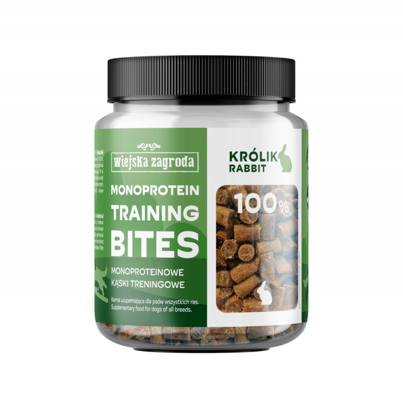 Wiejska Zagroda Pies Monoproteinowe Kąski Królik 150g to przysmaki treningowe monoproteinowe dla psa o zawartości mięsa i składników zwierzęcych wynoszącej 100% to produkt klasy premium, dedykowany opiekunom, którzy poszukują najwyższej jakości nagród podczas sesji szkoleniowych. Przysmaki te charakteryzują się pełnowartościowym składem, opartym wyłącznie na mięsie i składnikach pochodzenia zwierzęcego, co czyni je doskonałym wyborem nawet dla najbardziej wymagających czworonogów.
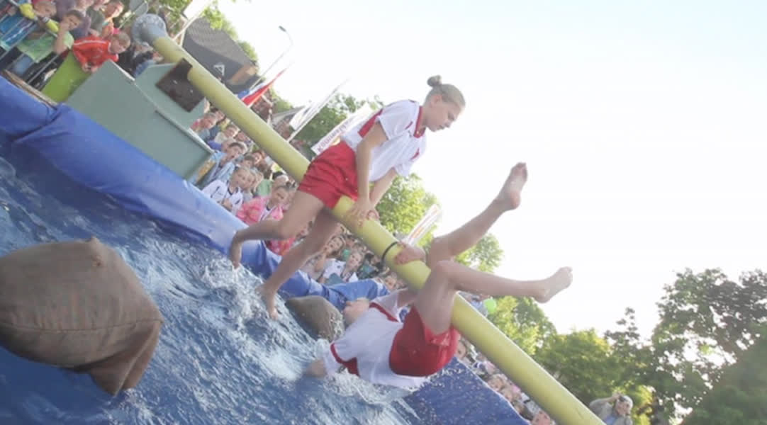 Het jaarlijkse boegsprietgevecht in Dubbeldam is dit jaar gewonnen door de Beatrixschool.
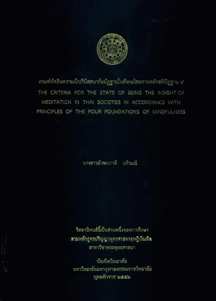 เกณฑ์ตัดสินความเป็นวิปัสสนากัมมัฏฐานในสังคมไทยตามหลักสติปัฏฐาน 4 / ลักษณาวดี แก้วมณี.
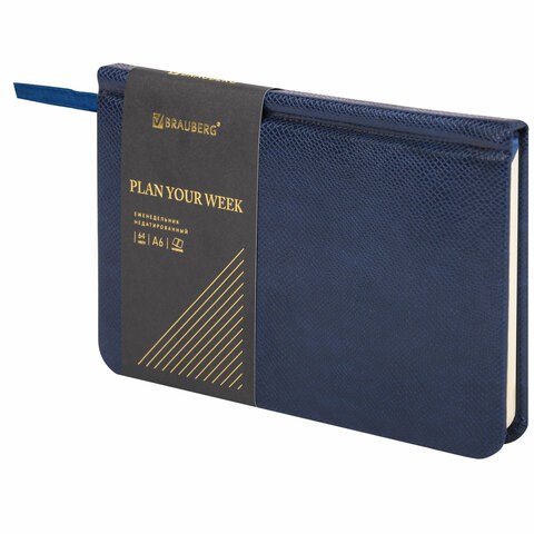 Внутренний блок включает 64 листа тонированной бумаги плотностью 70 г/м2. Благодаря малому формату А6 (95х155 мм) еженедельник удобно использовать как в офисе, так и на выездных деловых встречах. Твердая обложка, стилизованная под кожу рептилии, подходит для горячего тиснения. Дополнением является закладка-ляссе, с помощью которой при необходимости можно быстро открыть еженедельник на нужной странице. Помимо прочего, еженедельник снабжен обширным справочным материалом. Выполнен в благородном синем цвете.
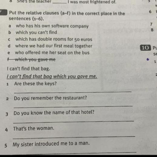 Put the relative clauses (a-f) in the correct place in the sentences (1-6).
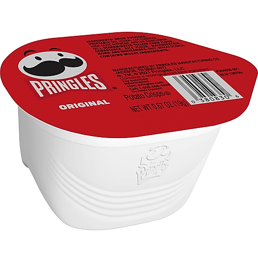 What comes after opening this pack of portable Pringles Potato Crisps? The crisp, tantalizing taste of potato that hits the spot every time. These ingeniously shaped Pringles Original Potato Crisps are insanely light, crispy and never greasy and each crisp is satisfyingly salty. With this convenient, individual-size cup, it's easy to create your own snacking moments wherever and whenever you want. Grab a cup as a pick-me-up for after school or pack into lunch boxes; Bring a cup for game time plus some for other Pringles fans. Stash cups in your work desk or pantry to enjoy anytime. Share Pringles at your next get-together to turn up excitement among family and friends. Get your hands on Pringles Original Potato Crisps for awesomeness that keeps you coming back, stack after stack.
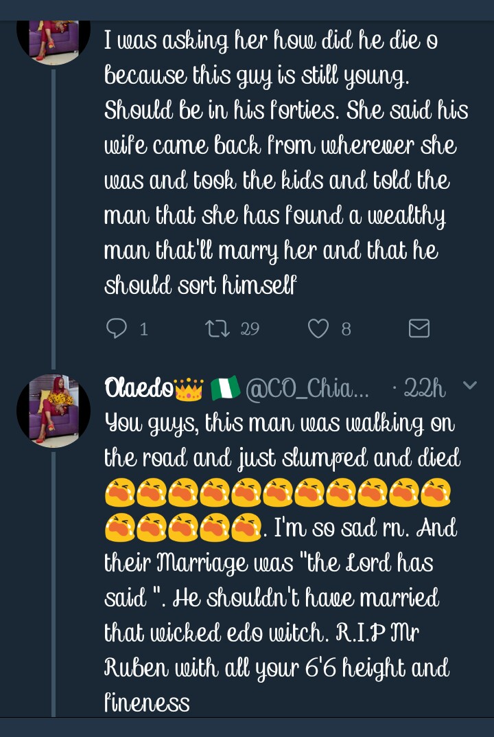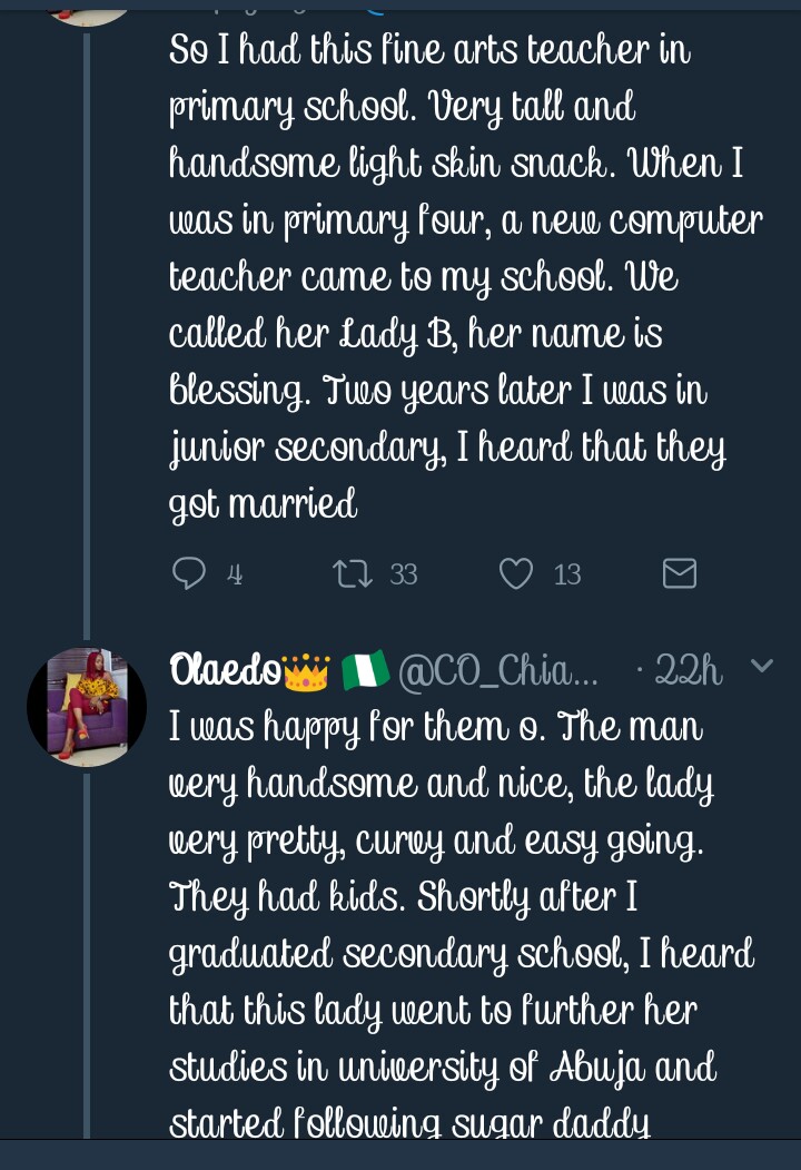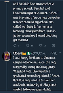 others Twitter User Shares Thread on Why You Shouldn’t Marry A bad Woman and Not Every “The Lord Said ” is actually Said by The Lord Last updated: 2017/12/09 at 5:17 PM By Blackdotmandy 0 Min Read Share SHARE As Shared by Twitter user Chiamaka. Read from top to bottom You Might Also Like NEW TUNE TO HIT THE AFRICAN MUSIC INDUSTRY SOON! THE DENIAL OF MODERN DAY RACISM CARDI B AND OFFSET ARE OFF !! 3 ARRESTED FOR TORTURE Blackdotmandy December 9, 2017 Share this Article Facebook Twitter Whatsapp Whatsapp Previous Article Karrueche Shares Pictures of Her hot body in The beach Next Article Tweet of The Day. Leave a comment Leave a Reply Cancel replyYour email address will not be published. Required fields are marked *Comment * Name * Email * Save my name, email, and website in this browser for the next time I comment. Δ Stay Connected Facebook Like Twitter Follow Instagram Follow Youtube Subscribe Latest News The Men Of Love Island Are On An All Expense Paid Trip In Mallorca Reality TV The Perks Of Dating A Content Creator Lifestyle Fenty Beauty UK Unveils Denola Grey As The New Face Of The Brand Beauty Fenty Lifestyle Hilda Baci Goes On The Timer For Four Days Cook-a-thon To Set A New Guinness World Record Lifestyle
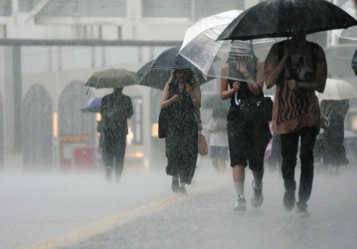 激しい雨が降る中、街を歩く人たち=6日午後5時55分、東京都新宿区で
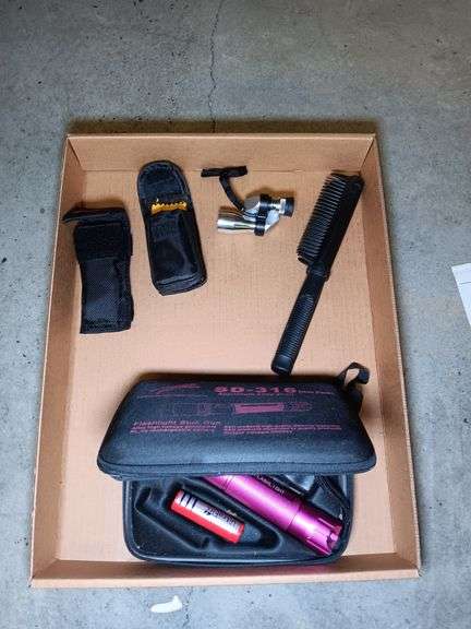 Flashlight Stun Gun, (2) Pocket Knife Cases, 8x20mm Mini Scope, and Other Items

INSTRUCTIONS FOR THE TASK >>
Could you write out exactly the lines of the data above that run from the one holding "Het jaarlijkse boegsprietgevecht" to the one holding "4 / ลักษณาวดี แก้วมณี.", with both ends in and all pictures out?

YOUR SOLUTION >>
 Het jaarlijkse boegsprietgevecht in Dubbeldam is dit jaar gewonnen door de Beatrixschool.
 เกณฑ์ตัดสินความเป็นวิปัสสนากัมมัฏฐานในสังคมไทยตามหลักสติปัฏฐาน 4 / ลักษณาวดี แก้วมณี.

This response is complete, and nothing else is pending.